▸ WHAT TO WORK ON: Using the data below, transcribe exactly everything from the line that contains "奥行きがあることを活かして、" down to the line that contains "The Vented Detangling". Include both of those lines and none of the pictures.

───── MATERIAL FOR THE TASK

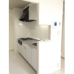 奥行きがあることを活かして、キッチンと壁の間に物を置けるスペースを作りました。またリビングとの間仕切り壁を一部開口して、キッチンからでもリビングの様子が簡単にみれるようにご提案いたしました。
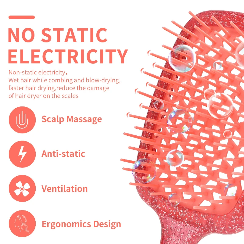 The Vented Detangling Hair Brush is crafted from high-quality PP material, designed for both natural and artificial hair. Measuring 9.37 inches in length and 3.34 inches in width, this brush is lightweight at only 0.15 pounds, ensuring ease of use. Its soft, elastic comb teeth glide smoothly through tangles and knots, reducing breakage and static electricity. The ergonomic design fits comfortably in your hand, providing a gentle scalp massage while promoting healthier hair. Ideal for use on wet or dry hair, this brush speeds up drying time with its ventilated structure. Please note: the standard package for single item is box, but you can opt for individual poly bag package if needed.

──────────
───── MATERIAL FOR THE TASK

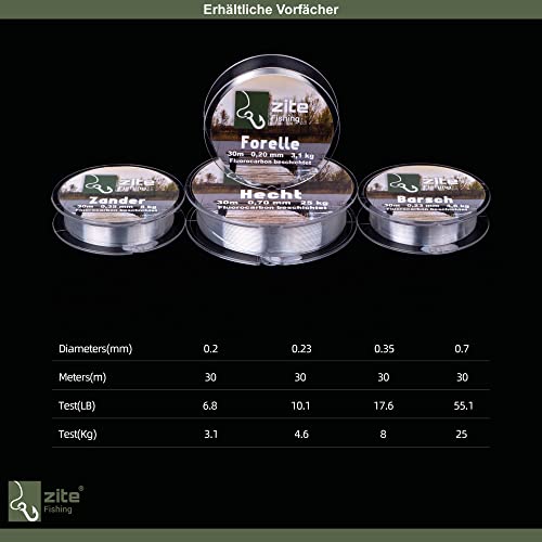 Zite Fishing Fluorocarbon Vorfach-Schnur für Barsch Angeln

──────────

▸ TASK RESULT:
 奥行きがあることを活かして、キッチンと壁の間に物を置けるスペースを作りました。またリビングとの間仕切り壁を一部開口して、キッチンからでもリビングの様子が簡単にみれるようにご提案いたしました。
 The Vented Detangling Hair Brush is crafted from high-quality PP material, designed for both natural and artificial hair. Measuring 9.37 inches in length and 3.34 inches in width, this brush is lightweight at only 0.15 pounds, ensuring ease of use. Its soft, elastic comb teeth glide smoothly through tangles and knots, reducing breakage and static electricity. The ergonomic design fits comfortably in your hand, providing a gentle scalp massage while promoting healthier hair. Ideal for use on wet or dry hair, this brush speeds up drying time with its ventilated structure. Please note: the standard package for single item is box, but you can opt for individual poly bag package if needed.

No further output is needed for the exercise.